(0) Obligation:
Runtime Complexity TRS:
The TRS R consists of the following rules:
le(0, y) → true
le(s(x), 0) → false
le(s(x), s(y)) → le(x, y)
minus(x, 0) → x
minus(s(x), s(y)) → minus(x, y)
mod(0, y) → 0
mod(s(x), 0) → 0
mod(s(x), s(y)) → if_mod(le(y, x), s(x), s(y))

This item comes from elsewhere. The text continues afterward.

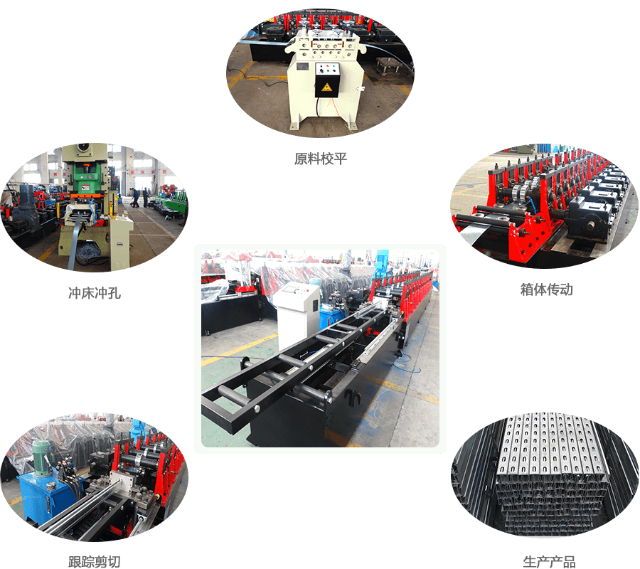 開卷動力整平儲料CN伺服送料+自動沖孔(沖LOGO)儲料壓成型【夾送引料滾壓鋸齒輥壓成型(噴淋冷卻)】伺服跟蹤剪切(或鋸切)出料落料

if_mod(true, x, y) → mod(minus(x, y), y)
if_mod(false, s(x), s(y)) → s(x)
Rewrite Strategy: INNERMOST
(1) CpxTrsToCdtProof (BOTH BOUNDS(ID, ID) transformation)
Converted CpxTRS to CDT
(2) Obligation:
Complexity Dependency Tuples Problem
Rules:
le(0, z0) → true
le(s(z0), 0) → false
le(s(z0), s(z1)) → le(z0, z1)
minus(z0, 0) → z0
minus(s(z0), s(z1)) → minus(z0, z1)
mod(0, z0) → 0
mod(s(z0), 0) → 0
mod(s(z0), s(z1)) → if_mod(le(z1, z0), s(z0), s(z1))
if_mod(true, z0, z1) → mod(minus(z0, z1), z1)
if_mod(false, s(z0), s(z1)) → s(z0)
Tuples:
LE(s(z0), s(z1)) → c2(LE(z0, z1))
MINUS(s(z0), s(z1)) → c4(MINUS(z0, z1))
MOD(s(z0), s(z1)) → c7(IF_MOD(le(z1, z0), s(z0), s(z1)), LE(z1, z0))
IF_MOD(true, z0, z1) → c8(MOD(minus(z0, z1), z1), MINUS(z0, z1))
S tuples:
LE(s(z0), s(z1)) → c2(LE(z0, z1))
MINUS(s(z0), s(z1)) → c4(MINUS(z0, z1))
MOD(s(z0), s(z1)) → c7(IF_MOD(le(z1, z0), s(z0), s(z1)), LE(z1, z0))
IF_MOD(true, z0, z1) → c8(MOD(minus(z0, z1), z1), MINUS(z0, z1))
K tuples:none
Defined Rule Symbols:
le, minus, mod, if_mod
Defined Pair Symbols:
LE, MINUS, MOD, IF_MOD
Compound Symbols:
c2, c4, c7, c8
(3) CdtNarrowingProof (BOTH BOUNDS(ID, ID) transformation)
Use narrowing to replace
MOD(
s(
z0),
s(
z1)) →
c7(
IF_MOD(
le(
z1,
z0),
s(
z0),
s(
z1)),
LE(
z1,
z0)) by
MOD(s(z0), s(0)) → c7(IF_MOD(true, s(z0), s(0)), LE(0, z0))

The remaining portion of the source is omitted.